Уже наступили заморозки, близилась зима. Однажды Елена вышла на улицу с Павлом. Как не было ей горько и страшно, сын поддерживал её, сам того не понимая. Сейчас только он не причинял ей боли. Мысль о том, что ещё до наступления следующего года ей необходимо будет проститься с тётей и её семьёй, была нестерпима. Елена пыталась не думать о разлуке, но мысли против воли заполоняли её сознание.

Стоило Елене выйти за калитку, внимание её привлёк силуэт статного мужчины, быстро шагающего по направлению к дому. Это был Аркадий Петрович. Елене сейчас показалось прозаично – забавным, что с момента ссоры они ни разу не встречались. Теперь же эта встреча, которую она так боялась, не вырвала за собой никаких чувств помимо удивления. Аркадий Петрович, поняв, с кем столкнулся, на мгновение замер, но быстро оправился и решительно подошёл к дочери. Это свидание не взволновало их, не сблизило, не отдалило. Дальше уже было не разойтись.

– Лена, здравствуй.

– Здравствуй, папа. Что-то срочное? – Елена, стараясь ненароком не испортить многообещающее начало, не стала язвить и вытаскивала из себя фразы отчуждённо, как посторонний человек. Отец постарел, и это было заметно даже сейчас, при тусклом свете пробивающихся через облака солнечных лучей.

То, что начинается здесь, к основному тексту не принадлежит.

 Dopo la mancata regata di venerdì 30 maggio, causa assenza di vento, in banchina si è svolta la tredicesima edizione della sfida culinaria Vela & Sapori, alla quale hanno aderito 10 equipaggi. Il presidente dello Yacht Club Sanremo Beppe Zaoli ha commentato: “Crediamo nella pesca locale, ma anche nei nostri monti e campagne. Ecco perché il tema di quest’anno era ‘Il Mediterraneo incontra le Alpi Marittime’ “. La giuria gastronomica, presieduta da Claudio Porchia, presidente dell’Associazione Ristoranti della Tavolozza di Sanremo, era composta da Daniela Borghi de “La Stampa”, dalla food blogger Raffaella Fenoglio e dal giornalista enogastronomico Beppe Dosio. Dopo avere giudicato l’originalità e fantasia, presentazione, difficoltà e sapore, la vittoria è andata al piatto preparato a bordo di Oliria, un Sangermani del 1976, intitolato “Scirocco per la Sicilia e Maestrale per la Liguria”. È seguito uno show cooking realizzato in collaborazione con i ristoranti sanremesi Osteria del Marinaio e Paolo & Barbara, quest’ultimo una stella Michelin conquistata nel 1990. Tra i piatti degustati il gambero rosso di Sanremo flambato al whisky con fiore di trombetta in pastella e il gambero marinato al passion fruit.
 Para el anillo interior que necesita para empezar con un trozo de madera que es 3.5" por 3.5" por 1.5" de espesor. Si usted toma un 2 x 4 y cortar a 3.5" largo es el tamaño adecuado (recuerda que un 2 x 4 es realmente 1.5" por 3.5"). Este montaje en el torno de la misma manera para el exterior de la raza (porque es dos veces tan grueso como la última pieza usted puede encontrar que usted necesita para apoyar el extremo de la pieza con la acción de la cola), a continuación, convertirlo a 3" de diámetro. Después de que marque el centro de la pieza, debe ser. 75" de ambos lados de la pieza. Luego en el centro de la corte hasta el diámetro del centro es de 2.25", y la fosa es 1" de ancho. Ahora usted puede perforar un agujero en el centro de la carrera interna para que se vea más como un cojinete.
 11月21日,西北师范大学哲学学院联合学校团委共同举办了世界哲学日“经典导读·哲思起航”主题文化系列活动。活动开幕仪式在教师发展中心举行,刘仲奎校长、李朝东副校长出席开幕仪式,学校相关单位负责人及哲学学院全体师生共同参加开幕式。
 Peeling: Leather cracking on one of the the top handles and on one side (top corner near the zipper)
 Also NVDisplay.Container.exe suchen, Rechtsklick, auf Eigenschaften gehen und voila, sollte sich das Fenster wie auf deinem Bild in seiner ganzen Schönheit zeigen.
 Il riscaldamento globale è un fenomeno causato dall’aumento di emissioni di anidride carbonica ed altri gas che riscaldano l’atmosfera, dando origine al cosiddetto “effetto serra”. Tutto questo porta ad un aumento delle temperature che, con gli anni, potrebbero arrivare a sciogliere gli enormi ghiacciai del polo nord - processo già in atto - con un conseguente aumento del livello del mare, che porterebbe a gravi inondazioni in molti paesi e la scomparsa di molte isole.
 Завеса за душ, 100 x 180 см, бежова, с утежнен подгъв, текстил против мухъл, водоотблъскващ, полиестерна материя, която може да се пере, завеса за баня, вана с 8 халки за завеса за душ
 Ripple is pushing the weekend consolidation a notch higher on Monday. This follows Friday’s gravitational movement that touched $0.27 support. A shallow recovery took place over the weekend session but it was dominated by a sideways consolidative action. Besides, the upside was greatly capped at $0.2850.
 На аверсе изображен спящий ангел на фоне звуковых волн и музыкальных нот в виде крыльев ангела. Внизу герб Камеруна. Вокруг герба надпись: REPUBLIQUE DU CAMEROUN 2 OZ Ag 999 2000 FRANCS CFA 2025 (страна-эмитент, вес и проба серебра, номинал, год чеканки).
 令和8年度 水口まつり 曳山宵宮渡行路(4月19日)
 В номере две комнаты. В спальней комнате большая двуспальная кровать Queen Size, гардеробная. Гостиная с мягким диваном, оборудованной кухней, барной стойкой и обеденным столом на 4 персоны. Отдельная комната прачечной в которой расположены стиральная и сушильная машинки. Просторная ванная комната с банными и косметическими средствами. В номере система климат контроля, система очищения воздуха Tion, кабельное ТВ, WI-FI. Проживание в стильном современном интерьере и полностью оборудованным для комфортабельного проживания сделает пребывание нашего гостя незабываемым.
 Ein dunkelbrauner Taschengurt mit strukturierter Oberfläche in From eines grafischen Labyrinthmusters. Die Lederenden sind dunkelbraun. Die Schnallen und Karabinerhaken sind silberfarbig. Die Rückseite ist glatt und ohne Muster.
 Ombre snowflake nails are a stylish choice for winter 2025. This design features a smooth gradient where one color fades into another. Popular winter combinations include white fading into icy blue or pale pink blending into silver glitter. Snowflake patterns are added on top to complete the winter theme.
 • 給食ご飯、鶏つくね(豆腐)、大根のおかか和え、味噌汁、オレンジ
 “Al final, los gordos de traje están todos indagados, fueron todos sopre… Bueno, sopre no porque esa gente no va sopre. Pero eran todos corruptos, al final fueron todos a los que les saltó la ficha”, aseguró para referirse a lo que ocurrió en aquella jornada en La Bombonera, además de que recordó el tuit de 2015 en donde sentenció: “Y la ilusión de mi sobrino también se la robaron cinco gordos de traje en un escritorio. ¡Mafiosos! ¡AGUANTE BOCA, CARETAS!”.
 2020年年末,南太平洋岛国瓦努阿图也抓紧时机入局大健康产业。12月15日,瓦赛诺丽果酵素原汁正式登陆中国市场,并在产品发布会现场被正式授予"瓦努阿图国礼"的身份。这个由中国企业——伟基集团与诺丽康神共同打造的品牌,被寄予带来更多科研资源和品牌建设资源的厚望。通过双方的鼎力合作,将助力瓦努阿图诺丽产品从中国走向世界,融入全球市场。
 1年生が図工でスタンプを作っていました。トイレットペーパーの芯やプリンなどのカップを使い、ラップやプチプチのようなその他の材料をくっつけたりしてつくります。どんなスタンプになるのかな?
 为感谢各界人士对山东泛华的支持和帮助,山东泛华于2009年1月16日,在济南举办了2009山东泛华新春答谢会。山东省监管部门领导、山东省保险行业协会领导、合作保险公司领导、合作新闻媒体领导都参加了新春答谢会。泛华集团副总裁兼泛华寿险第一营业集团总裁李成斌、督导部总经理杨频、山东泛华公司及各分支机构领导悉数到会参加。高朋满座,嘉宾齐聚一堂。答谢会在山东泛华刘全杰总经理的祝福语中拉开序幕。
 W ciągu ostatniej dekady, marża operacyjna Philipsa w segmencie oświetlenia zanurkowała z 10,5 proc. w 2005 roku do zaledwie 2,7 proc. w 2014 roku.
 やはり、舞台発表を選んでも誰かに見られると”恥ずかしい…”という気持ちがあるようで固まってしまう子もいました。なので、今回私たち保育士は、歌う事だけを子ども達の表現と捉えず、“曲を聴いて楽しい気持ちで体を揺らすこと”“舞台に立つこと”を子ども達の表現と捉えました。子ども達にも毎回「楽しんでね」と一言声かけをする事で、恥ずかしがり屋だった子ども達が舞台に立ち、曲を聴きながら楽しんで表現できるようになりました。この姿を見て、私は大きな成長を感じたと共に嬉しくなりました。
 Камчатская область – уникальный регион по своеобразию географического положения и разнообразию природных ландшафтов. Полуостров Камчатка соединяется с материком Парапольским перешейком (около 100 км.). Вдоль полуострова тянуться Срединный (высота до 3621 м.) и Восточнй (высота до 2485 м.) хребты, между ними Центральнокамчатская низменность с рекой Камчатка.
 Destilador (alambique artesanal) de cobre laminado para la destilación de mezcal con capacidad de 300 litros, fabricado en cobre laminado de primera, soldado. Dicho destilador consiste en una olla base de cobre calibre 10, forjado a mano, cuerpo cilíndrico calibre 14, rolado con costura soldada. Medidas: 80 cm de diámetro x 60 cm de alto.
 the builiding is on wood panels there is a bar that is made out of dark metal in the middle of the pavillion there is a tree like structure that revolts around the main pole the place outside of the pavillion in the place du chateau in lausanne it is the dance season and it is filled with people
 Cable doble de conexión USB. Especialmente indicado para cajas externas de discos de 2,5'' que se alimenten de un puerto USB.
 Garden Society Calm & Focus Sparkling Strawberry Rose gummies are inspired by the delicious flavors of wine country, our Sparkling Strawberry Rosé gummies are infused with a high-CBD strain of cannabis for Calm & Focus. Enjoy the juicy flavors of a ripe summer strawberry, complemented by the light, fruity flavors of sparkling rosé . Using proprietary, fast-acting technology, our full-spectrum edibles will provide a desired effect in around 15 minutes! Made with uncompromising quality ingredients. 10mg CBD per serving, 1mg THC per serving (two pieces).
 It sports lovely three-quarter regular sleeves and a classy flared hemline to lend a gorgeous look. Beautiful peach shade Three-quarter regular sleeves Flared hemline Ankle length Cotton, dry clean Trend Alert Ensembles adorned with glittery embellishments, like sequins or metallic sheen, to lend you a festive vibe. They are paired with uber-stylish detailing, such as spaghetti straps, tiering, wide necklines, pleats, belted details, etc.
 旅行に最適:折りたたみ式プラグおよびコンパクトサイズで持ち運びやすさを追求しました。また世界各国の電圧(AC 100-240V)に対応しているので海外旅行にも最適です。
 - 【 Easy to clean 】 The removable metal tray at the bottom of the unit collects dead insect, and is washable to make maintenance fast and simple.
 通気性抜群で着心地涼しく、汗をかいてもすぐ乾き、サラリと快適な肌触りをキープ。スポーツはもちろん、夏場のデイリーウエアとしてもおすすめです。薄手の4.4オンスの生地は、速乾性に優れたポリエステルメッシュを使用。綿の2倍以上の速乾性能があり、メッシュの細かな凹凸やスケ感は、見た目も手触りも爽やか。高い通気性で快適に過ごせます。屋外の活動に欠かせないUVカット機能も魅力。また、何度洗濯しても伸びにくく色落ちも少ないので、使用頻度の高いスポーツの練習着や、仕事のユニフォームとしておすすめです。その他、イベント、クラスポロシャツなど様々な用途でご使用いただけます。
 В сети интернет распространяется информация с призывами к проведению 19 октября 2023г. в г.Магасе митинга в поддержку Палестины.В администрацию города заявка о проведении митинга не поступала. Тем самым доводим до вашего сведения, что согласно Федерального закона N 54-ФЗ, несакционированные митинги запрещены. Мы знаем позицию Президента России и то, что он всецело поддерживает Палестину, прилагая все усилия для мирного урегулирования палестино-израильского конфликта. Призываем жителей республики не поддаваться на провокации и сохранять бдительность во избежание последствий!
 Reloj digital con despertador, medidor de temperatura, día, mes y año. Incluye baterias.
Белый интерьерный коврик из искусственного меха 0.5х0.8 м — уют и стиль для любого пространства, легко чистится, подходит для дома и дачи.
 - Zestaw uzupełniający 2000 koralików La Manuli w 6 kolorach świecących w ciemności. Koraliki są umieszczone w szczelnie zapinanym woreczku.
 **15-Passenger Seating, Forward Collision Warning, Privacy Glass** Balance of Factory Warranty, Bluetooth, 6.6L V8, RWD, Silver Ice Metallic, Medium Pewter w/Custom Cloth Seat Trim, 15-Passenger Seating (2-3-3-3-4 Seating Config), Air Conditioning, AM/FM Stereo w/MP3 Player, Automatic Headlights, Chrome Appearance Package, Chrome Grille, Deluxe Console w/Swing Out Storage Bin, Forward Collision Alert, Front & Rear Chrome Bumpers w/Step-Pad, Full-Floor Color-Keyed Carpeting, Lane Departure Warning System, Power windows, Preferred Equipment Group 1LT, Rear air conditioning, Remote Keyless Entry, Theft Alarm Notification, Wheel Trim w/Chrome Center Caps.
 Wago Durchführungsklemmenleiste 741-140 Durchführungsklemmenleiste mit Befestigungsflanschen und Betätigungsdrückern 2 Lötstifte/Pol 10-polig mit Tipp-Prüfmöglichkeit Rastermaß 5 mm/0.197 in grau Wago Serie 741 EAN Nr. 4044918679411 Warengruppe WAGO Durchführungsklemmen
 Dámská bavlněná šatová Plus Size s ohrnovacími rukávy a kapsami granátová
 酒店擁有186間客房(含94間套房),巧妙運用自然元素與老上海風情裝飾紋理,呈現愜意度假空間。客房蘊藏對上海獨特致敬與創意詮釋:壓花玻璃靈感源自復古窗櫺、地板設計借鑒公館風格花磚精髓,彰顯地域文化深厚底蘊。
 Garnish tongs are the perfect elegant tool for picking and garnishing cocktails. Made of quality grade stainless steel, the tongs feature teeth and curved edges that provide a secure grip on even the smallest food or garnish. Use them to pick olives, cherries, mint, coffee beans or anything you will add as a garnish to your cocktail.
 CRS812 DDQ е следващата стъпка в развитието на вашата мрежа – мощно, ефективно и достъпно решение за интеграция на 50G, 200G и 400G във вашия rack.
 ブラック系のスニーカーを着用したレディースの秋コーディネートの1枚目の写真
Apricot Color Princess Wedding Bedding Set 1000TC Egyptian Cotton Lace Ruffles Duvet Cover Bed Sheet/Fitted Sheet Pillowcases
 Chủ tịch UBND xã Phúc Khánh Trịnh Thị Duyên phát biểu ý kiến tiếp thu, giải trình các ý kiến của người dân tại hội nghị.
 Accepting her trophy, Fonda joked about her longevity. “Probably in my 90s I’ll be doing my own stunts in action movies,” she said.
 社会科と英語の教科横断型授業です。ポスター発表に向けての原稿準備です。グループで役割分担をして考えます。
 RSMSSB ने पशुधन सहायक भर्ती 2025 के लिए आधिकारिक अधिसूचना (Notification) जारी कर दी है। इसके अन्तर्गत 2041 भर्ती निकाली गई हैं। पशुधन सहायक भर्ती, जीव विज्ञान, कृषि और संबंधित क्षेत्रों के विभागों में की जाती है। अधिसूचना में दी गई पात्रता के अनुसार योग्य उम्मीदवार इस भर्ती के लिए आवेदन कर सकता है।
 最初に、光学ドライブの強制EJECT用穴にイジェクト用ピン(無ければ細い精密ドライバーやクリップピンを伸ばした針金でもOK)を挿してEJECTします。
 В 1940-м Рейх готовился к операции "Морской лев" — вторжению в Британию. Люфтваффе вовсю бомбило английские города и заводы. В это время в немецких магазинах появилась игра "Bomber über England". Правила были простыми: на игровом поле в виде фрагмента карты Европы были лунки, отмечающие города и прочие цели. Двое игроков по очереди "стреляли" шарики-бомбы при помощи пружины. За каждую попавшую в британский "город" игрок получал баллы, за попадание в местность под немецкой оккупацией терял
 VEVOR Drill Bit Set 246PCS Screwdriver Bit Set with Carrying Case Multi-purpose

– Да. В стране такое творится… Ты, верно, знаешь, что мы теперь нищие.

– Нищие?

– Да, – с яростью сказал он.

– Не может быть, папа, ты путаешь что-то. А усадьба? Пусть на ней никто не работает, но это… земля.

– Нет больше Степаново, большевики конфисковали все дворянские гнёзда. У нас ничего не осталось.

– Это невозможно, – твёрдо сказала Елена. В последнее время она верила в то, что факт не станет правдой, если она не примет его.

– Я был там, видел, что он сотворили с имением. Хорошо ещё, что я успел забрать кое-что ценное.

Елена молчала. Аркадий снисходительно смотрел на Павла. Павел смотрел на трамвай.

– Дай-ка я подержу его, – попросил Аркадий Петрович. – Ух – ты, какой богатырь!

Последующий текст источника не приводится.